- **DATASET ENTRIES**:

──────────

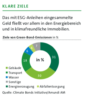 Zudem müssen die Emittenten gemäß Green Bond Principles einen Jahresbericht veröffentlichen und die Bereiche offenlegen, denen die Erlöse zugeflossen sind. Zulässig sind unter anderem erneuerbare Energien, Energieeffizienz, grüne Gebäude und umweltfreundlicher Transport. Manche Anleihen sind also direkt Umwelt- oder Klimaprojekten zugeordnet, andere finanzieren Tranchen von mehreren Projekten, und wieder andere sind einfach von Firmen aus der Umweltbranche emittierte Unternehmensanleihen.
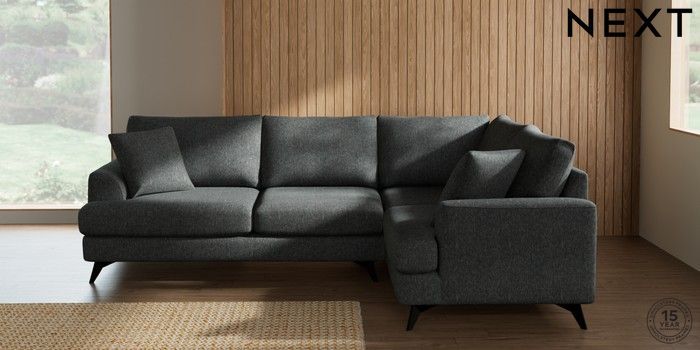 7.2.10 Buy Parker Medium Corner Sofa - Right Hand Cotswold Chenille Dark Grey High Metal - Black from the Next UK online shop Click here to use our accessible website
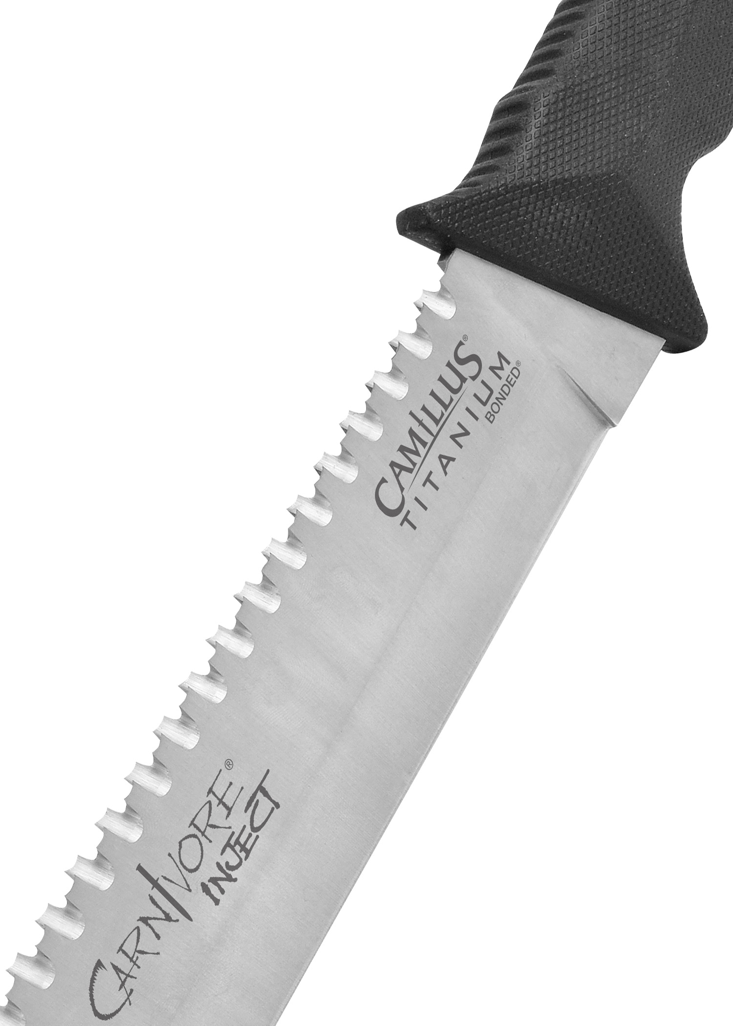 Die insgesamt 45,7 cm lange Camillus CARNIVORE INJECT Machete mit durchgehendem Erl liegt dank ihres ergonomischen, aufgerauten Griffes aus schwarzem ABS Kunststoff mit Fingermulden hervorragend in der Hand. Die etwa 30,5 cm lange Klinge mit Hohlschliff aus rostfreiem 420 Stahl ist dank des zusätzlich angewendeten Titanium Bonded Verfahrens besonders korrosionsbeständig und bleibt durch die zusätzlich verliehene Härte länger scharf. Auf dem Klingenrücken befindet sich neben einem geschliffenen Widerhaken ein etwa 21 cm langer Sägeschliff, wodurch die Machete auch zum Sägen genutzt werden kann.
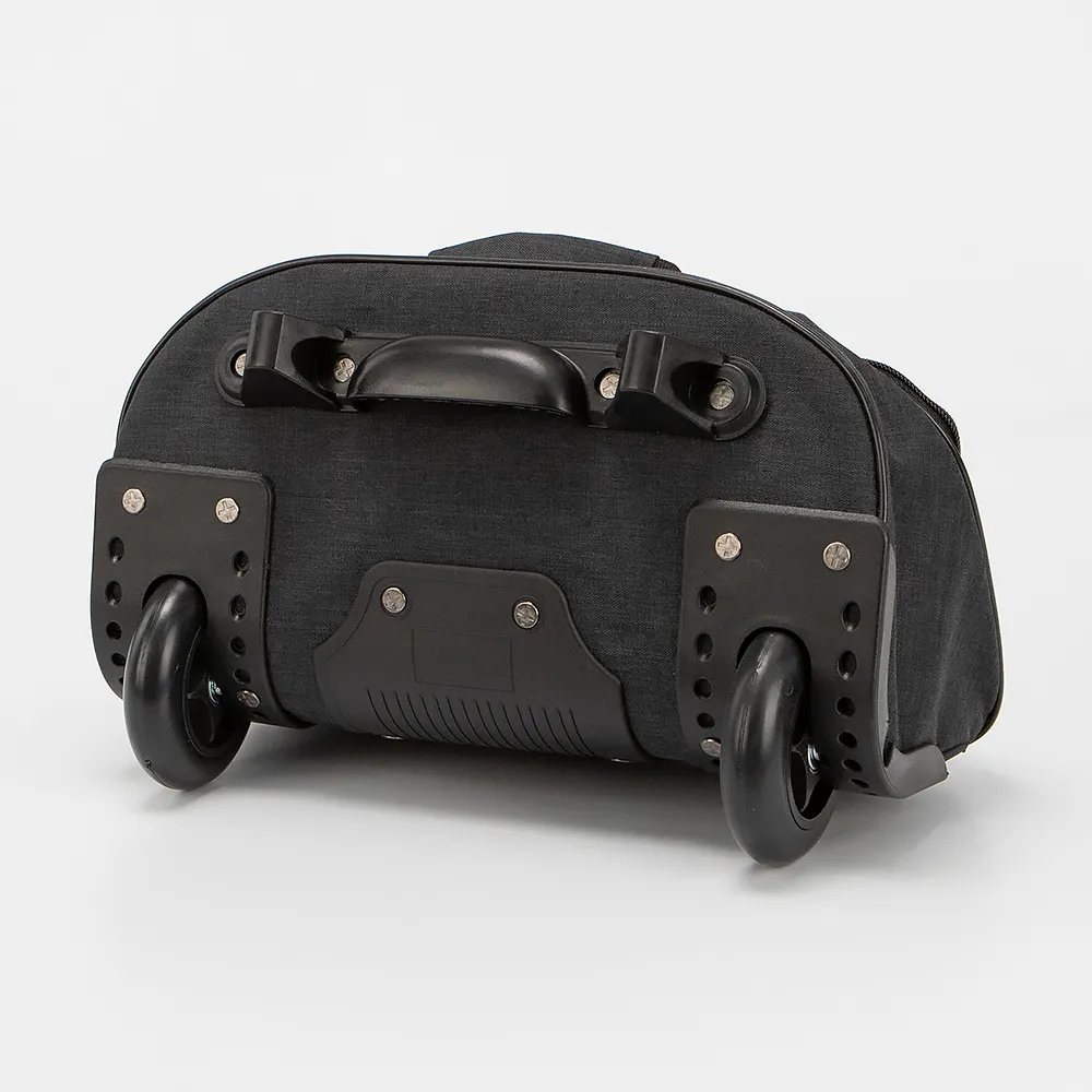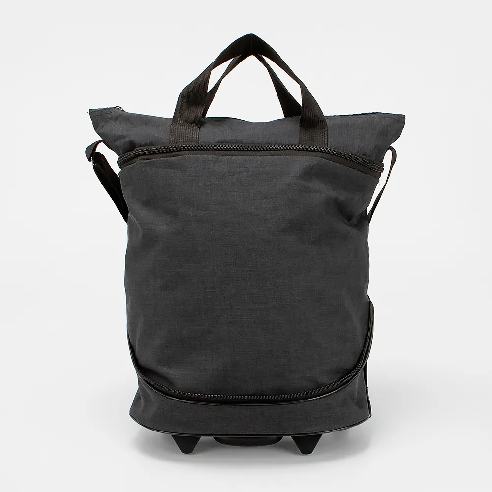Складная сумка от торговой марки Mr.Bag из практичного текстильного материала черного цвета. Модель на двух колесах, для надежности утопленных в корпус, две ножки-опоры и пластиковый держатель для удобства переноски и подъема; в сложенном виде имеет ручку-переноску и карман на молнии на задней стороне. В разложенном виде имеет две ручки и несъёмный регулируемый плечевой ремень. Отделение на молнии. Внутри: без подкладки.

──────────

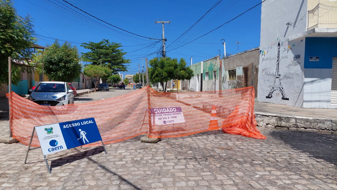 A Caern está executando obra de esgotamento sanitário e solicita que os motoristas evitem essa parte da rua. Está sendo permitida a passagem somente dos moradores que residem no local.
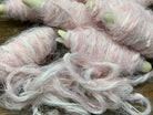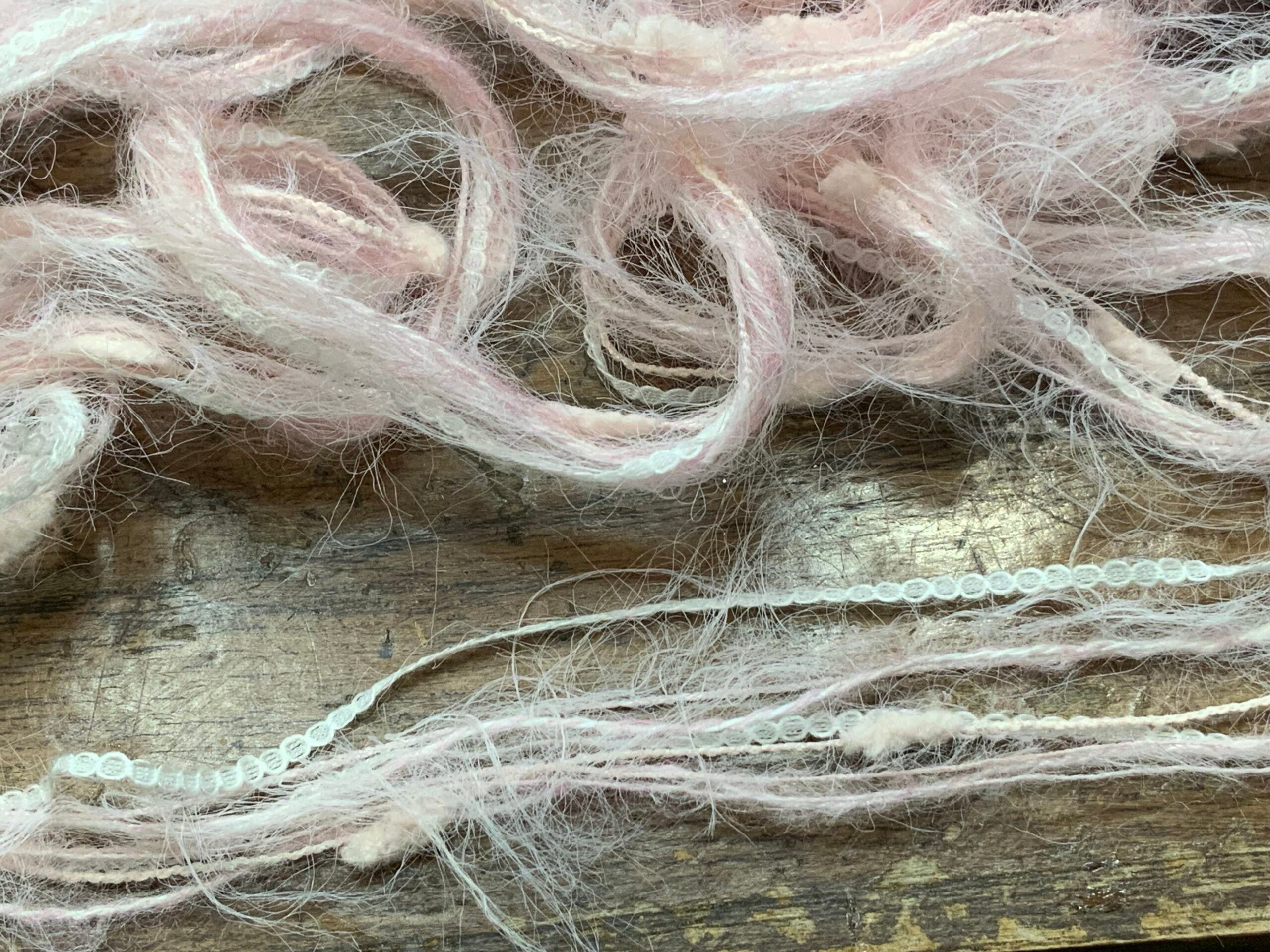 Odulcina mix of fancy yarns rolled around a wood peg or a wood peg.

──────────

- **WORK TASK**: Starting at the line above that holds "Zudem müssen die", repeat every line exactly down to and including the line that holds "7.2.10 Buy Parker", then stop. Do not carry over any pictures.

- **COMPLETED EXERCISE**:
 Zudem müssen die Emittenten gemäß Green Bond Principles einen Jahresbericht veröffentlichen und die Bereiche offenlegen, denen die Erlöse zugeflossen sind. Zulässig sind unter anderem erneuerbare Energien, Energieeffizienz, grüne Gebäude und umweltfreundlicher Transport. Manche Anleihen sind also direkt Umwelt- oder Klimaprojekten zugeordnet, andere finanzieren Tranchen von mehreren Projekten, und wieder andere sind einfach von Firmen aus der Umweltbranche emittierte Unternehmensanleihen.
 7.2.10 Buy Parker Medium Corner Sofa - Right Hand Cotswold Chenille Dark Grey High Metal - Black from the Next UK online shop Click here to use our accessible website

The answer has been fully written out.